■ Aim of the task
Your answer should hold every line of the records below that contains the string "dozer".

•••••

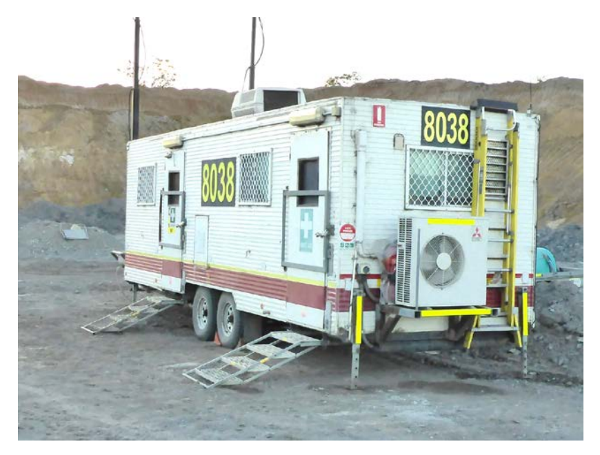
Figure 7 The remote operator station (ROS) inside the command for dozer control centre

Figure 6 The command for dozer control centre
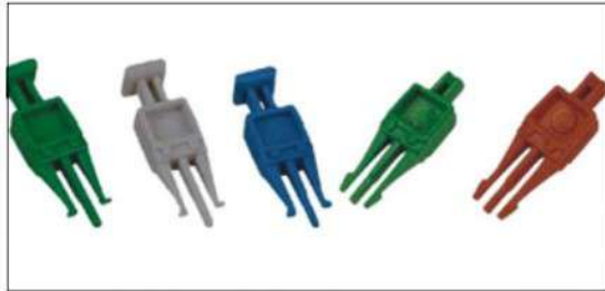
Disconnection Plug 1 Pair
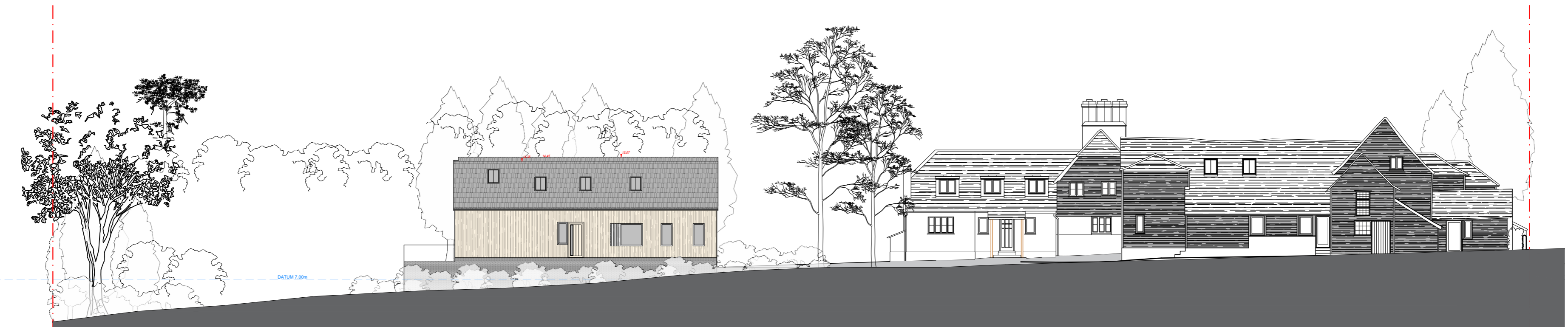
PROPOSED: SITE SECTION 4
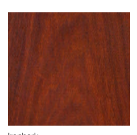
Ironbark FSC Certification is available
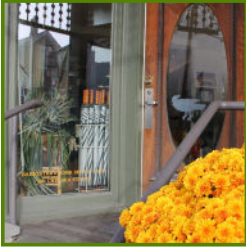
Barrister's Book Shop & Café at 190 Chelsea Street
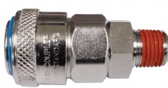
F941 High-Flow One Touch System Air Fittings
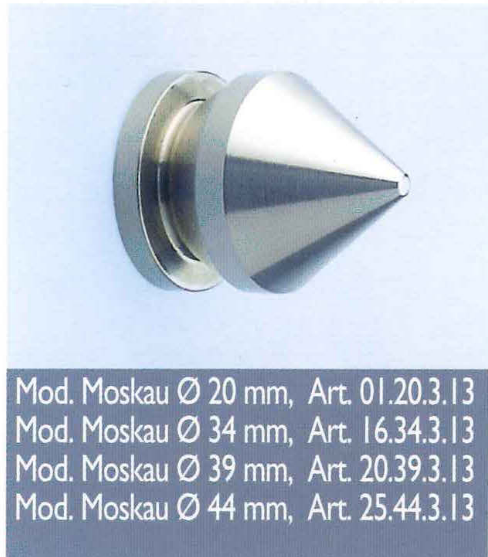
Mod. Moskau Ø 20 mm, Art. 01.20.3.13 Mod. Moskau Ø 34 mm, Art. 16.34.3.13 Mod. Moskau Ø 39 mm, Art. 20.39.3.13 Mod. Moskau Ø 44 mm, Art. 25.44.3.13
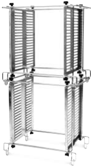
Two CBC11C's Stacked
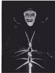
GUILLAUME PILET Learning to Love , 2013 Silver gelatin print Ed. 1/3 + 2 AP 24 x 18 cm ( 9 1/2 x 7 1/8 inch ) PILET36211
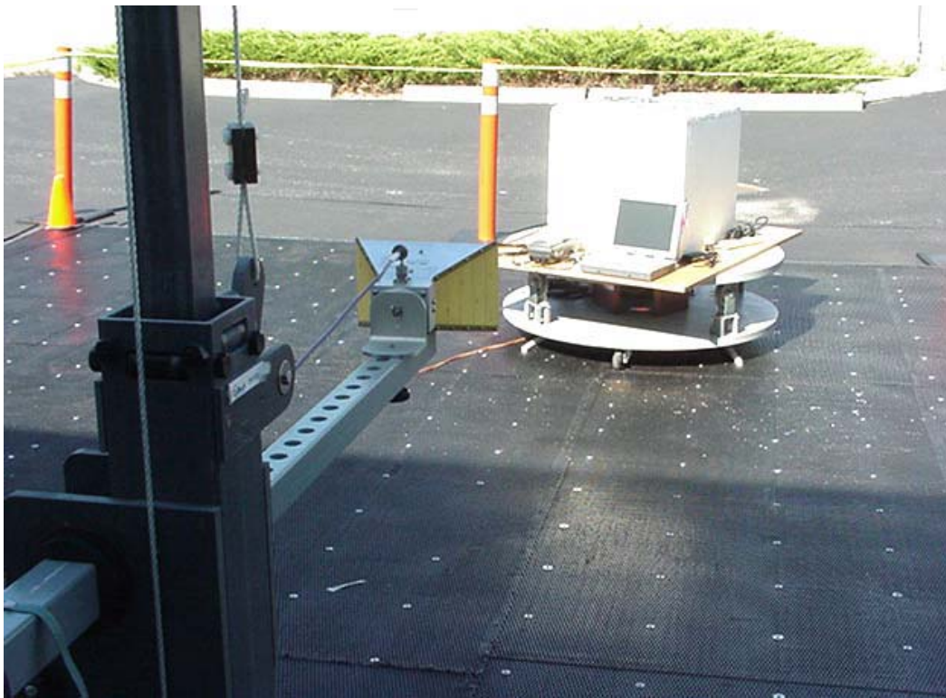
PCS Band with Horn Receive Antenna
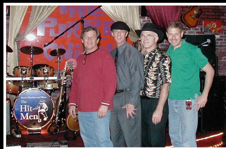
August 8 the hit men
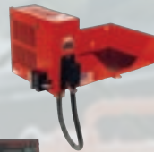
Cat. No. 4256 Responder DC Vehicle Mount Charger

Fully automatic DC input DC output Hardwired directly to vehicle battery
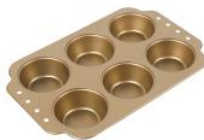
6-mold Cupcake Pan(Carbon Steel)
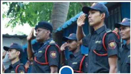
RADIANT PROTECTION FORCE PVT LTD
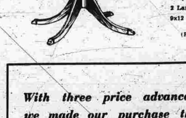
With three price advances since we made our purchase this carpet is even a greater value!
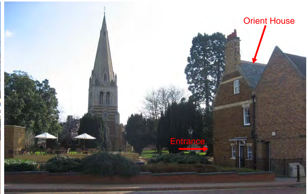
North Western approach from Jackson Lane Car Park
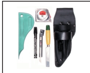
Paper Stripper Holster – Plus
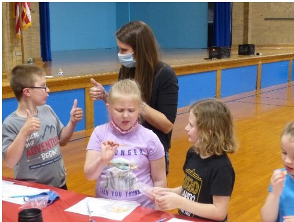
Thumbs up to diversity awareness at Jefferson!

Our soon-to-be graduates concluded a successful Senior Send-Off Friday. We will be sorry to see them go, they were asked to rise to the challenge like few classes before them, but in many ways we – and they – are the stronger for it.

•••••

■ Result of the task
Figure 7 The remote operator station (ROS) inside the command for dozer control centre
Figure 6 The command for dozer control centre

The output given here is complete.